Now, from Reuters, we see this story about Bitcoin (hat tip: Clark Gascoigne). There are strong reasons for suspecting that the collapse of Mt. Gox, once the world’s largest Bitcoin exchange, was a gigantic fraud. The money seems to have disappeared, and Delaware’s ferocious secrecy facilities seem all over it.

“Mt Gox’s tangled web of shell corporations turns the spotlight back to an issue U.S. law enforcement authorities have perennially raised with Congress. Several states, including Delaware, where Karpeles had at least two registered corporations, let foreigners register new corporations without ever setting foot in the United States, relying instead on agents to act as conduits for the companies’ owners.

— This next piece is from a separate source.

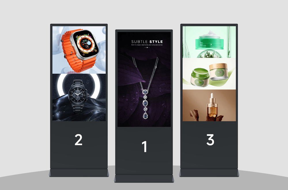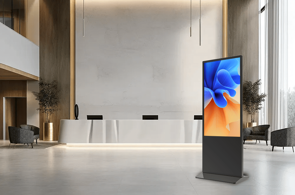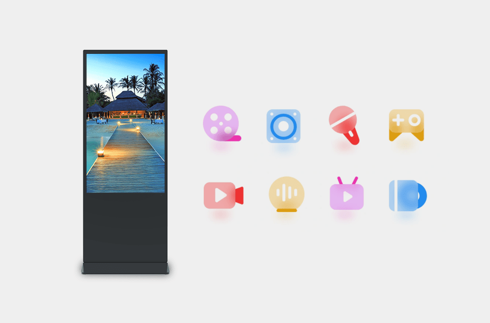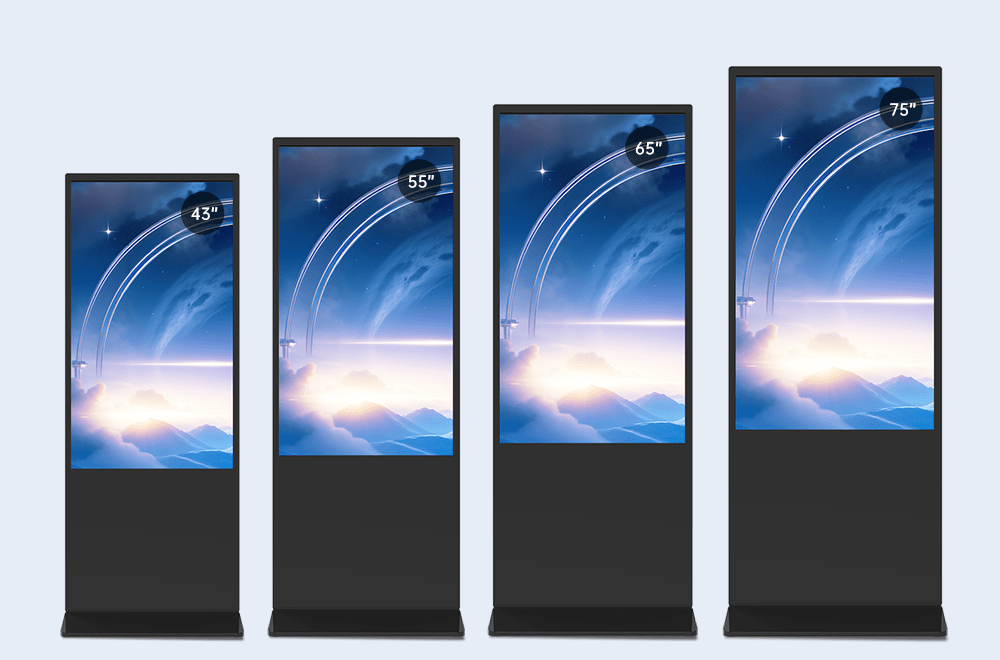 43” 50″ 55” 65” 75” vertical advertising machines are adaptable to multiple sizes. Whether it is a small convenience store, a bank service hall, or an outdoor square advertisement, or an airport terminal guide, Floor Kisko can meet the full-scene empowerment and help brands achieve precise marketing and efficient information delivery.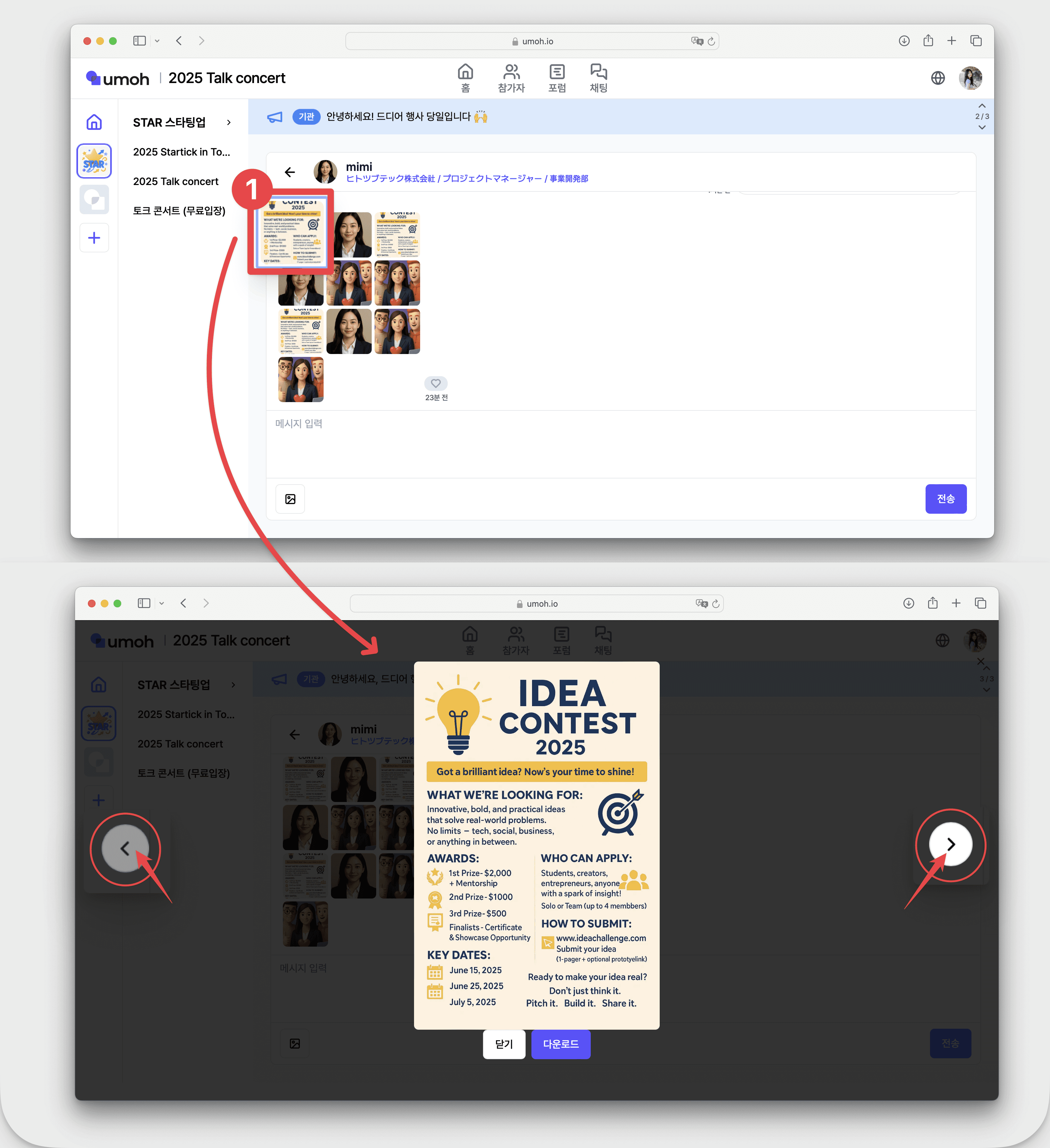 [사진] 클릭 → 양 옆 [<], [>] 버튼 클릭 → 사진 넘기며 확인 가능

The agents send along documents like lawsuits and other business communications addressed to the companies but keep no records themselves. They do not keep track of who the company’s true beneficial owner may be. When investigators want to find out more about these companies’ activities, the only information they can get from the agents is contact information for whatever overseas entity has been designated to receive correspondence about the company.

Such is the structure of Mutum Sigillum, a company Karpeles registered in Delaware. He used it to interact with a U.S. bank through Dwolla, an online payment network. Real money passed through Mutum Sigillum (which means “worthless little symbol” in Latin) but it left almost no paper trail in the United States.”

Some U.S. lawmakers are determined to crack down on this dirty business in Delaware, Nevada and other places. But there are a lot of powerful opponents, of course.